Research Programs: Summer Stipends

Period of Performance

5/1/2021 - 6/30/2021

Funding Totals

$6,000.00 (approved)
$6,000.00 (awarded)

Anti-Federalist Criticisms of the Electoral College

FAIN: FT-278673-21

Michael Todd Rogers
Arkansas Tech University (Russellville, AR 72801-8819)

Research and writing a journal article on the Anti-Federalist critique of the Electoral College during the 1780 Constitutional Convention and Ratification.

Founders like Hamilton and Wilson as well as historians and political scientists like Main, Ellis, Milkis and Nelson have suggested the Electoral College escaped much scrutiny at the founding. Main quantifies this view, saying he did not believe even twelve Anti-Federalists raised criticism of it (1961, 140). Given the last of the thirteen original states ratification documents became available at the end of 2019 through The Documentary History of the Ratification of the Constitution, a content analysis can be completed that shows Main grossly underestimates the number and extent of Anti-Federalist criticisms of the Electoral College.

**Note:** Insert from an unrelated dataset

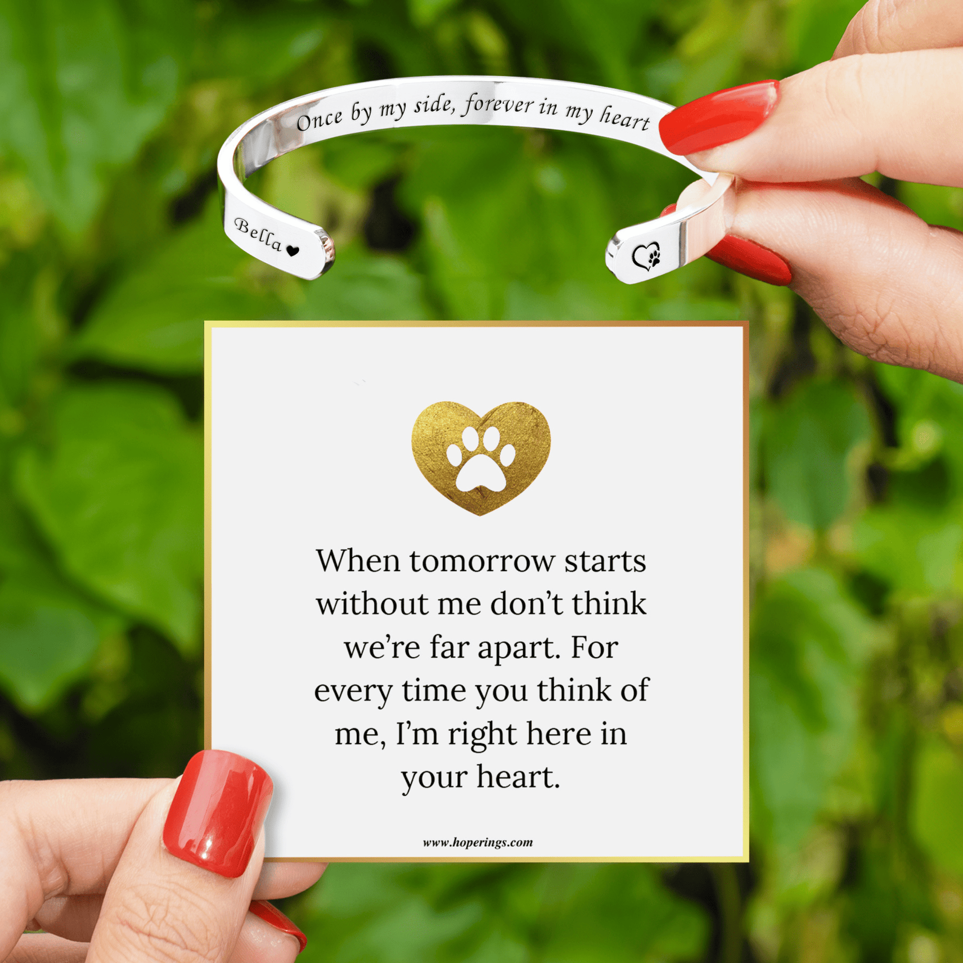 "I love how customizable this bracelet is. I was able to personalize it with my pet's name and a meaningful quote, making it truly unique. It's a beautiful way to remember my furry friend."

To promote the civic education of Americans and encourage more objective debate of it free of deference to the founding, a manuscript will be published in a leading history or political science journal (possibly the Journal of American History), which disproves the Electoral College lacked much reproach during the 1780s ratification debates.

Media Coverage

Rogers Earns Prestigious NEH Summer Stipend (Media Coverage)
Publication: Arkansas Tech News
Date: 4/14/2021

Associated Products

Anti-Federalist Critiques of the Electoral College during the Ratification Debates (Conference Paper/Presentation)
Title: Anti-Federalist Critiques of the Electoral College during the Ratification Debates
Author: Alexandria Cisco
Author: Michael T. Rogers
Abstract: Given the Electoral College remains prone to problematic election results, it is surprising the conventional view is the ratification debates produced few criticisms of it. Alexander Hamilton and James Wilson claimed few objected (Hamilton 2001; Merill 1978, 565-566). Scholars reinforce the view (Main 1961; Ellis 1999; Milkis and Nelson 2020). I used a content analysis of ratification records for eight of the original thirteen colonies to show this was not the case. Criticisms included that the Electoral College is too complex, leaves the president too distant from the people, can produce an elective monarchy or despotism, and is prone to domestic and foreign intrigue (Rogers 2010). Now all 13 colonies are available through The Documentary History of the Ratification of the Constitution (DHRC), so the content analysis can be completed. New in this work is an explanation of how the criticisms of the Electoral College exemplify two of the three strands of Anti-Federalist thought (power Anti-Federalism and Democratic Anti-Federalism) Faber identifies (2019). As for audience, the manuscript will be of interest to colonial era and presidential scholars in history and political science. Both will find a comprehensive documentation of founding criticisms of the Electoral College. Beyond that, a more general audience interested in reforming and/or eliminating the Electoral College will learn some criticisms of the institution today were raised during ratification.